A Coach Inc. shop window at one of the company's locations in New York. The U.S. economy grew at a rate of 2.5 percent in the first quarter, driven by consumer spending. (Scott Eells/Bloomberg)

A steep slowdown in defense spending tied to the end of the wars in Iraq and Afghanistan is undercutting the country’s economic recovery, new government data released Friday revealed.

The report showed gross domestic product grew at an annual rate of 2.5 percent during the first three months of the year — significantly slower than most economists had expected. The culprit? A surprising 11.5 percent annualized drop-off in military spending.

The decline comes on the heels of an even bigger plunge in defense spending at the end of last year that brought economic growth to a standstill. Taken together, the two quarters represent the steepest declines in military outlays since the Korean War, according to JPMorgan Chase economist Michael Feroli.

The GDP report amounts to a caution about the looming consequences of federal spending cuts known as the sequester. The cuts officially began in March but could take months — or even years — to fully digest. The Congressional Budget Office estimates that the sequester will shave nearly half a percentage point from economic growth this year, delaying projections for economic liftoff to 2014.

“The longer-running story has not changed, as the economy remains mired in the pattern of slow and uneven growth seen since the end of the Great Recession,” said Richard Moody, chief economist at Regions Bank.

Consider just the past year of the recovery. Last spring, the economy was treading water before the pace of growth picked up to more than 3 percent at an annual rate over the summer. But hopes for a sustainable recovery dissipated by the end of the year when economic growth stalled.

The bounce-back this year has been weaker than expected by many analysts, who have already begun warning that any momentum that had built up has likely already cooled. Economists forecast that the growth rate during the second quarter will be an anemic 1 to 2 percent.

Even the good news in the GDP report came tempered with caveats: The biggest single driver of growth during the first quarter was a surge in business inventories, contributing about one percentage point of growth. But economist Ben Herzon of Macroeconomic Advisers noted that most of that stockpiling was done in January.

Consumer spending was also strong during the first quarter, rising 3.2 percent. Analysts have attributed the jump to the large number of bonuses paid late last year to avoid the bite of higher taxes this year. Consumers spent that extra money in the first quarter, but that boost will disappear over the year. In fact, some data suggest households are already beginning to draw back as higher payroll taxes squeeze paychecks.

Meanwhile, defense spending has been a drag on growth for the past two years. A decade after the terrorist attacks of Sept. 11, 2011, America officially ended the war in Iraq and killed al-Qaeda leader Osama bin Laden. President Obama also announced in 2011 a timeline for withdrawing from Afghanistan.

That shift in foreign policy is still trickling through the real economy. Compensation for military and civilian employees working in defense have fallen every quarter since 2012. Major contractors such as Lockheed Martin have laid off or bought out hundreds of employees, including top executives, and consolidated facilities in recent years.

Defense procurement reached its height in 2008 at nearly $400 billion for the year, and it has fallen steadily since. Last year, contract awards dropped 15 percent below the peak, after adjusting for inflation.

But many of those contracts are for complex weapons and machinery that can take years to build. The GDP report does not count them as government purchases until they are actually delivered. In other words, much of the slowdown in contract awards is only now showing up as a decline in government spending.

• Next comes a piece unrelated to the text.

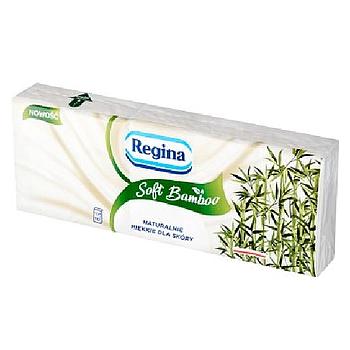Гигиенические салфетки Regina Soft Bamboo — мягкие гигиенические салфетки, которые состоят на 90% из целлюлозы и на 10% из бамбукового волокна. Благодаря нежной структуре салфетки не раздражают кожу носа и лица.

That also means the Pentagon’s $500 billion in budget cuts required by the sequester could hold back GDP growth for years to come.

“If you’re looking at earnings of defense companies, you’re not going to see a hit on that for a while as a result of sequestration,” said Todd Harrison, a senior fellow in defense budget studies at the Center for Strategic and Budgetary Assessments.

Fairfax-based ManTech International is a prime example of the effect of wartime spending reductions. The contractor depended heavily on battlefield work and has seen significant financial declines. Its 2012 profit of $95 million was down nearly 30 percent from 2011.

Now the company is also facing cuts from sequestration. In an earnings call in February, as the deadline for implementation loomed, top executives highlighted the uncertainty of its impact on their bottom line.

“Nobody has a crystal ball on what’s going to happen with sequestration,” Chief Financial Officer Kevin M. Phillips said. “We’re taking a conservative view based on the uncertainty. . . . Does it cover the worst-case scenario? There’s no ability to tell right now.”

Jim Tankersley contributed to this report.